そういった方々に私が提案している事の一つに経営ビジョンを視覚化するということがあります。「経営ビジョンマップ」として視覚化して共有することで、言葉だけでは伝わらない情報はもちろんのこと、視覚化により記憶力が高まって忘れずにいることができます。
お客様は
「それはとてもいいアイディアです!・・でも、実際どうしたらいいのか分からないのですが・・」
「では、もしよければ、一緒に作成してみましょうか?」
「はい!ぜひ、よろしくお願いします!!」
ということで、
一緒に経営ビジョンマップを作成することになりました。
このように、社員さんが増えてくると、自分の思いやビジョンといったものを共有していく事が難しくなってくる経営者さんは多いかと思われます。

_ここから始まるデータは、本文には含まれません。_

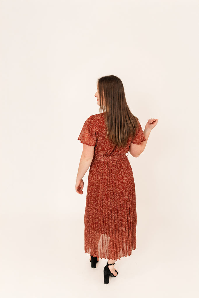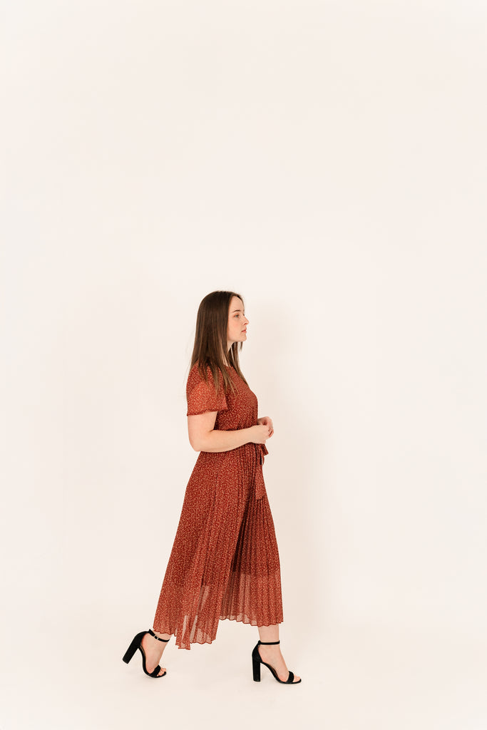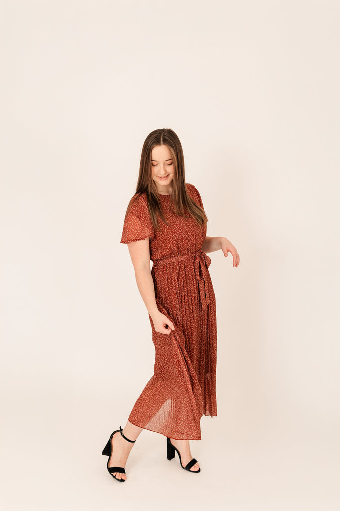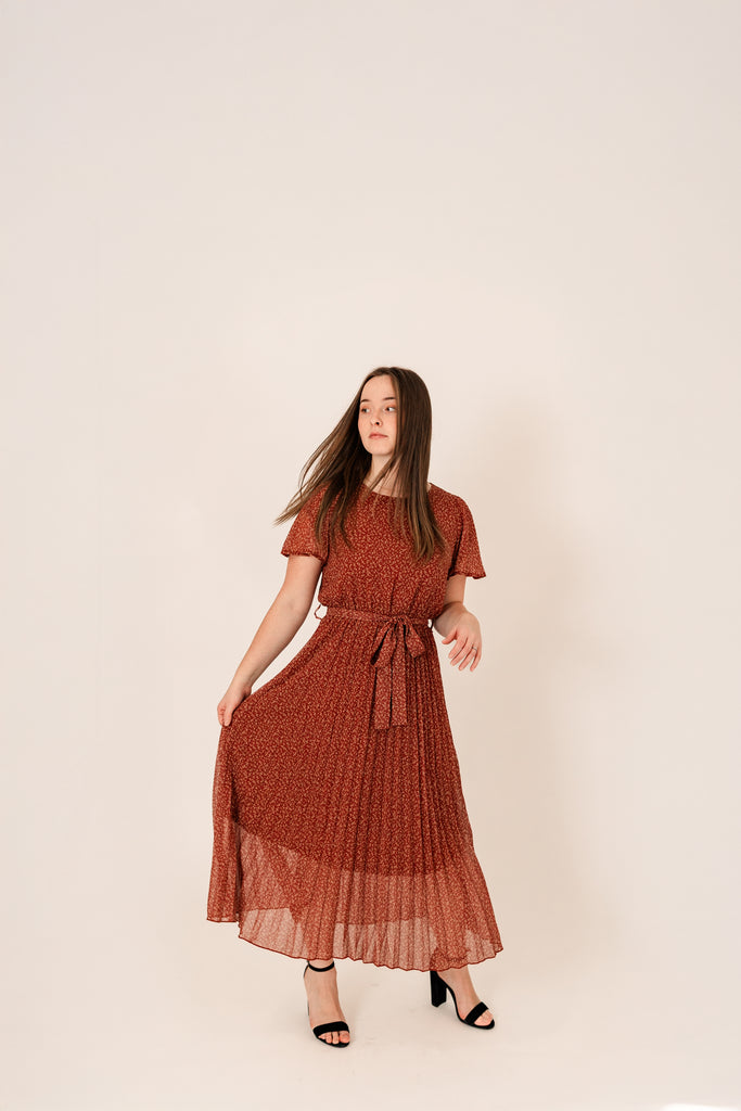 This dress aims at sophistication and lands right between formal and easy. It comes in a beautiful, bright burgundy color, and boasts a pleated skirt and flowy sleeves. It’s fully lined and sits light. Throw on a pair of heels and you’ll feel like the First Lady!

なぜかといえば、社員一人ひとりとコミュニケーションする機会も減っていきますし、言葉だけでは伝わらない考え方や価値観もあります。
経営者さんとのやりとりの中で、一緒にビジョンマップを作成するプロセスについて、事例を踏まえながらお伝えしたいと思います。
ステップ1.モヤモヤした頭の中を整理する
①自社の経営理念を確認する
経営理念は会社の存在目的や究極のゴールを表すものです。
自社の経営理念を確認することで、会社としての価値観や判断軸、経営者としての哲学や信念に立ち返ることができます。
それにより、改めて自社のあるべき姿が明確になり、経営ビジョンを作る上での着想を得ることができます。事業主の方やフリーランスの方で、また経営理念がないという方は、ご自分が仕事において目指したい最終ゴールや夢、大切にしている価値観などを書き出してみてはいかがでしょうか?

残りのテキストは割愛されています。